DATASET RECORDS START
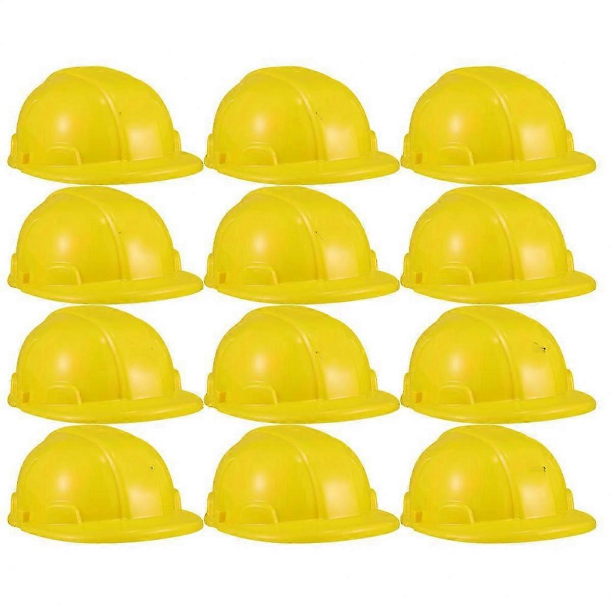 12pcs Yellow Plastic Construction Hats for Workers, Durable Party Caps for Kids and Adults, Accessories for Dress Up and Celebrations
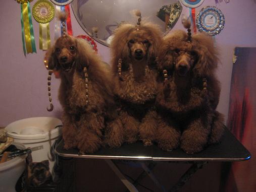 [B вот моя троица папа, сын и внучка - все в уши резиночках причём как потом выяснилось - возрастных каждой собаке на фотке возраст - ровно минус одна резинка [/B]
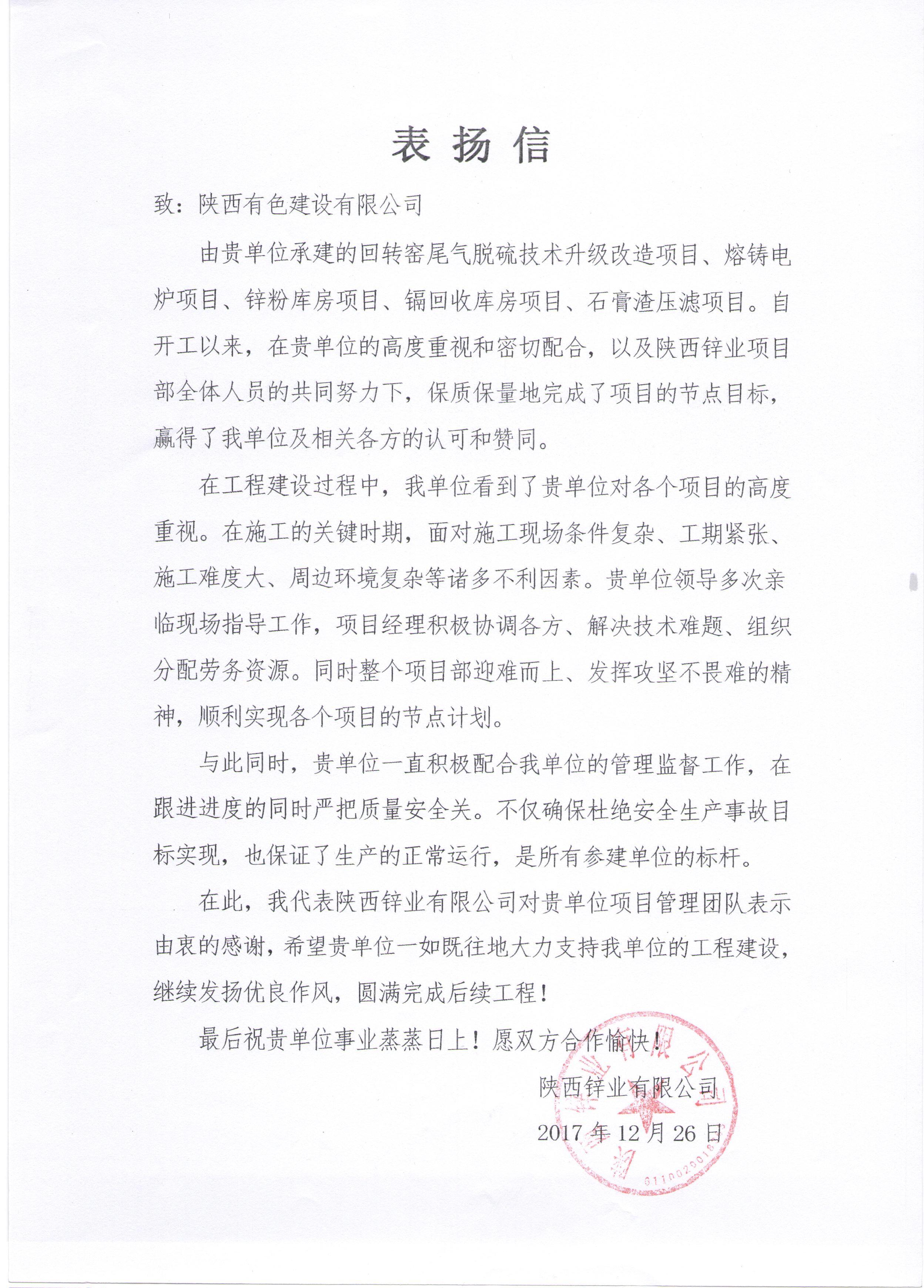 近日,公司收到陜西鋅業(yè)有限公司發(fā)來的表揚(yáng)信,公司陜西鋅業(yè)項(xiàng)目部在回轉(zhuǎn)窯尾氣脫硫技術(shù)升級改造等5個(gè)項(xiàng)目建設(shè)過程中取得的成績表示感謝和高度贊揚(yáng)。
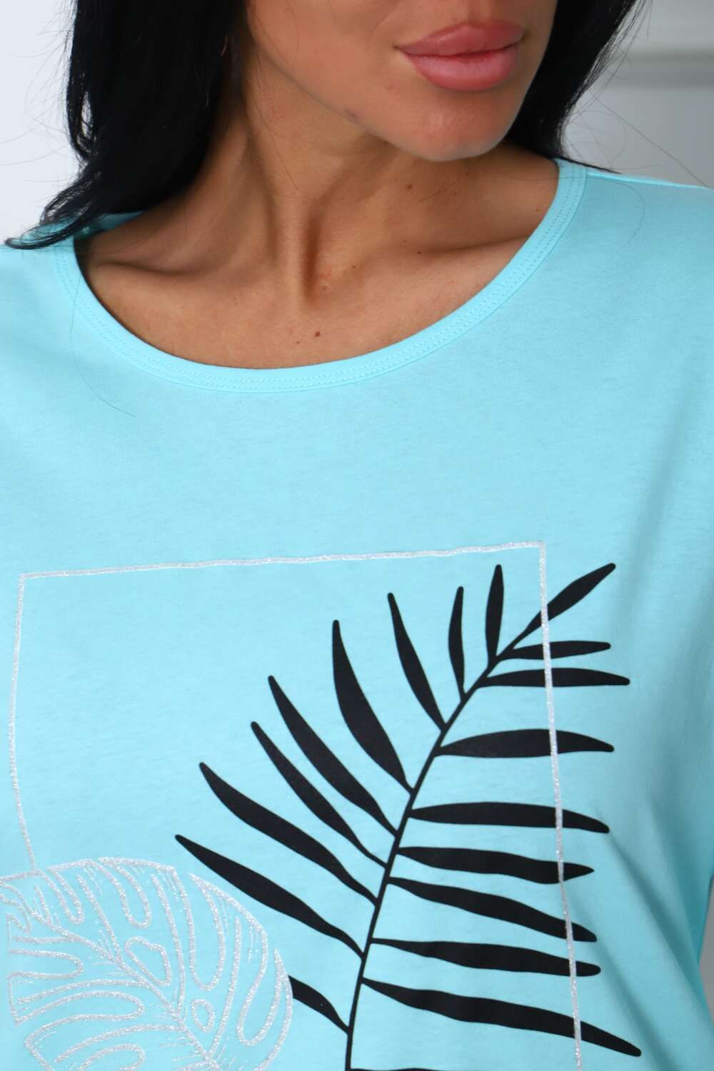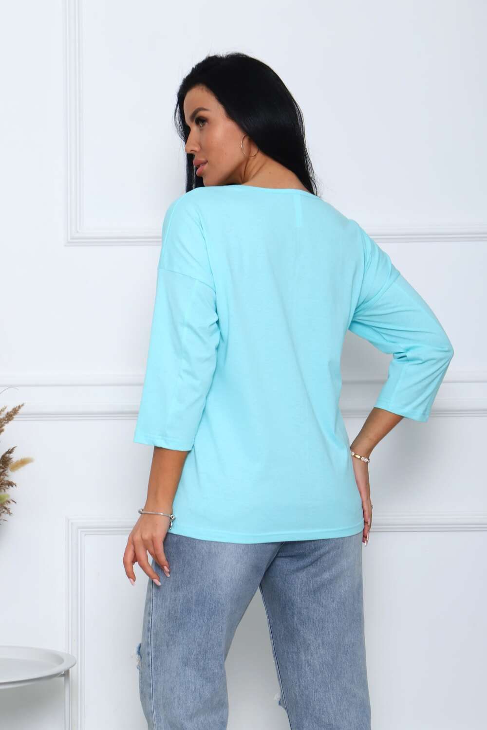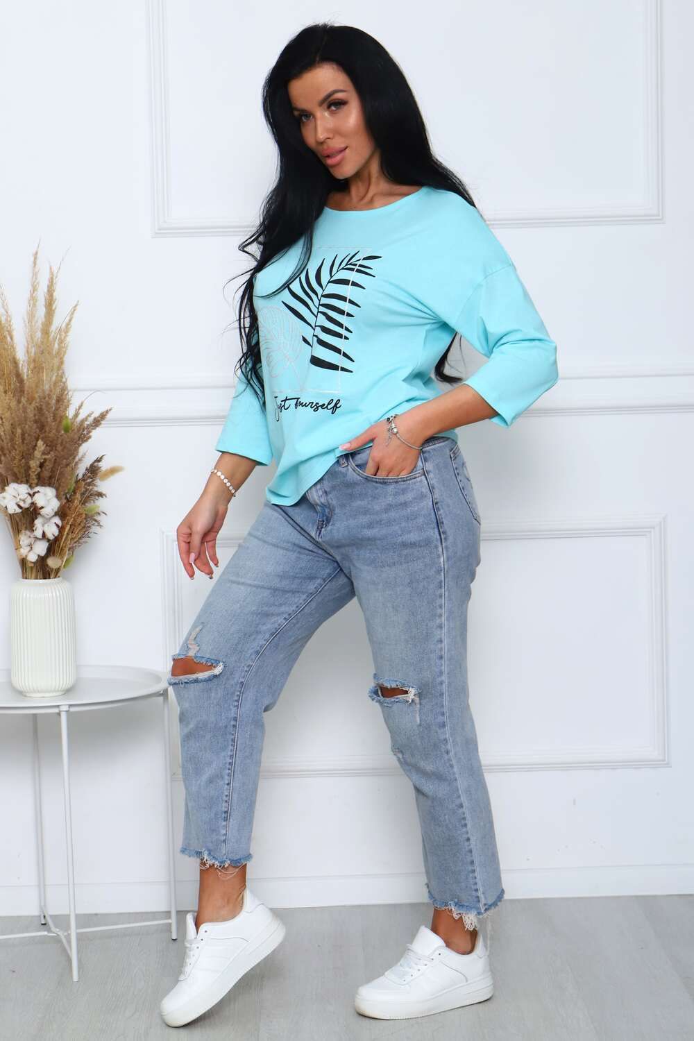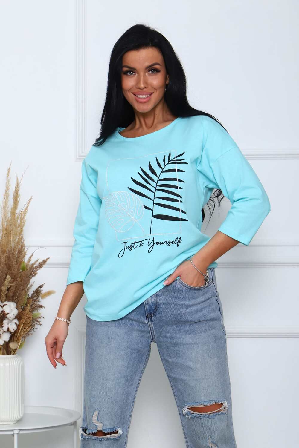 Туника женская. Ткань кулирка, хлопок 100%. Крой свободный, горловина круглой формы, обработана окантовкой. Линия плеч спущена. Длинна рукава 3/4, со швом по локтю. Низ изделия прямой. На полочке принт, шелкография.
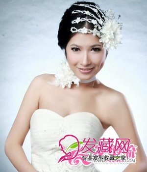 个性发饰 一款很显个性的新娘发饰,采用爪式的设计,给人眼前一亮的感觉。采用全盘发的方式,把全部头发束成发髻,突显出精致的五官和姣好的脸容,给人感觉充满了青春活力。精美、华丽的发饰让新娘的气质更加迷人。
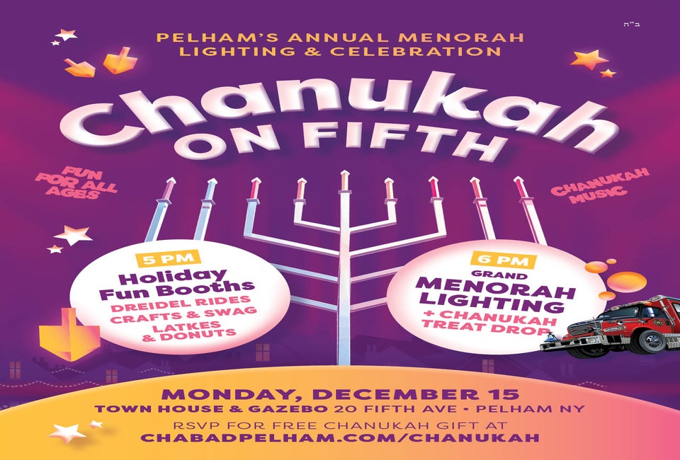 Join Chabad Pelham for a wonderful Chanukah experience! Enjoy fun Chanukah booths followed by a grand Menorah lighting and treat drop.
DATASET RECORDS END
## ACTIVITY:
Please output exactly the lines from the line containing "Туника женская. Ткань" through the last line of the records above, both included, and leave out any pictures.

## YOUR SOLUTION:
 Туника женская. Ткань кулирка, хлопок 100%. Крой свободный, горловина круглой формы, обработана окантовкой. Линия плеч спущена. Длинна рукава 3/4, со швом по локтю. Низ изделия прямой. На полочке принт, шелкография.
 个性发饰 一款很显个性的新娘发饰,采用爪式的设计,给人眼前一亮的感觉。采用全盘发的方式,把全部头发束成发髻,突显出精致的五官和姣好的脸容,给人感觉充满了青春活力。精美、华丽的发饰让新娘的气质更加迷人。
 Join Chabad Pelham for a wonderful Chanukah experience! Enjoy fun Chanukah booths followed by a grand Menorah lighting and treat drop.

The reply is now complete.